Two new high severity vulnerabilities have been identified in the OpenSSL Software Foundation cryptographic library version 3.0.0. This open-source library is used to encrypt HTTPS connections and other communication channels, so has been relied upon by many as a security measure. These new vulnerabilities could cause denial of service or possible remote code execution to take place, compromising the security of the service being provided. OpenSSL released a security advisory this week detailing these two vulnerabilities and stating that there is currently no evidence of a working exploit for either flaw at the time of publishing. Both flaws are exploited by specially crafting a malicious certificate with malformed email addresses.
The first vulnerability, tracked as CVE-2022-3602, was originally described as a critical severity flaw, however this has since been downgraded to ‘high’ severity. The flaw occurs within the X.509 certificate verification functionality and requires a CA to have signed the malicious certificate. A malicious certificate can be created which contains a specially crafted email address causing the content to overflow into the buffer. The presence of code in the buffer can allow for remote code execution, or cause denial of service by causing the application to crash.

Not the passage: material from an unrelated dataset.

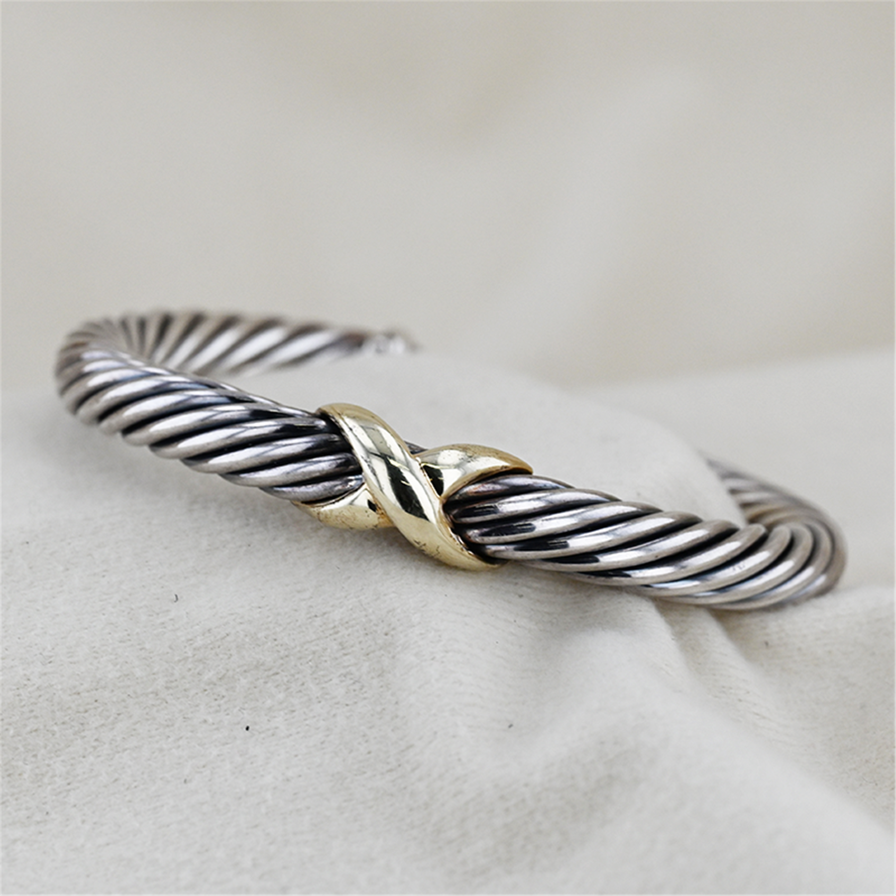 Sterling Silver Two Toned David Yurman Twisted Bangle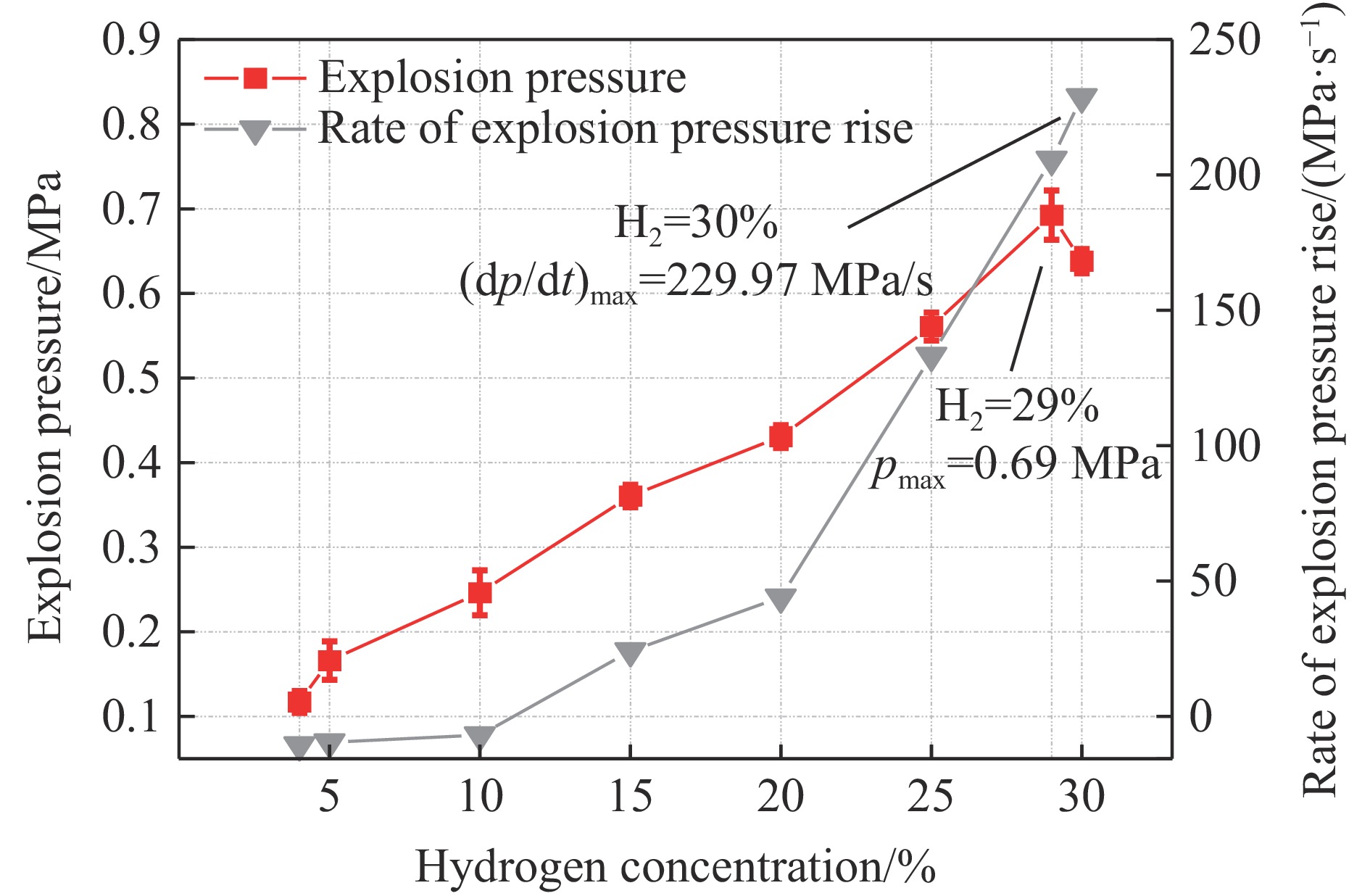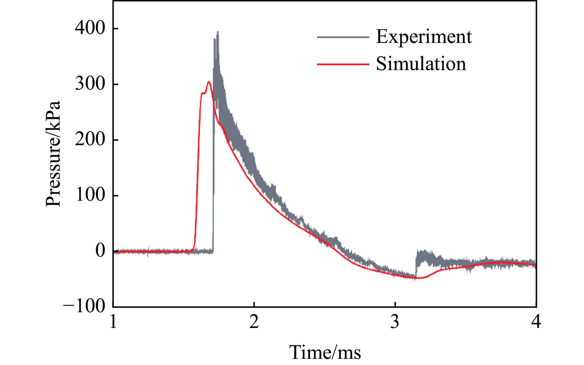 氢能作为一种零碳能源,凭借其高能量密度和零碳排放的特性,在国防关键系统中具有广阔的应用前景。为提高能源的利用效率并保障安全,采用试验与数值模拟相结合的方法,系统研究了受限空间内氢气浓度对爆炸动力学特性的影响;在圆柱形容器中进行试验,使用压力传感器和高速摄像机记录爆炸过程中的压力变化和火焰传播规律;同时,结合CFD数值模拟技术,采用包含19步反应的氢气/空气详细化学反应机理,准确捕捉了预混气体爆炸过程中气流速度的时空演化过程。结果表明:最大爆炸压力出现在氢气体积分数为30%时,峰值达到0.623 94 MPa;火焰面积峰值在氢气体积分数为30%和45%工况下最大,相比体积分数为15%和60%时分别提高了14.6%和6.3%,其中,氢气体积分数为30%时,火焰面积在8.2 ms时最快达到峰值。此外,在圆柱侧壁与端壁交界区域,由于几何约束导致未燃氢气积聚,造成局部密度和压力升高,在流场中形成4个明显的高速区。在9 ms时,流场中心线上的气流速度呈对称分布,且单侧出现双峰值结构。在氢气体积分数为45%工况下,初期气流速度因局部热释放较强而呈现瞬态速度优势;而氢气体积分数为30%时,凭借其持续稳定的燃烧过程,气流在后期实现速度反超,体现出近化学计量比条件下的高效燃烧稳定性,为高效氢气燃烧系统的设计与性能提升提供了科学依据。

The second vulnerability, tracked as CVE-2022-3786, is a high severity vulnerability that occurs within the same X.509 certificate verification region. This vulnerability similarly can cause a buffer overrun though manipulation of the name constraint checking and malicious certificate verification. For an attacker to exploit this flaw, they need to include a number of bytes containing the `.’ character (decimal 46) when they craft their malicious email address which is encoded in the certificate. This results in a buffer overflow, which causes the application to crash, causing denial of service.
Users should update the version of OpenSSL they use to version 3.0.7 if they are currently using any versions prior to this release. This version includes patches for both of these vulnerabilities and can be downloaded from the OpenSSL source website. Any users of OpenSSL versions 1.1.1 and 1.0.2 are not affected by either of these flaws.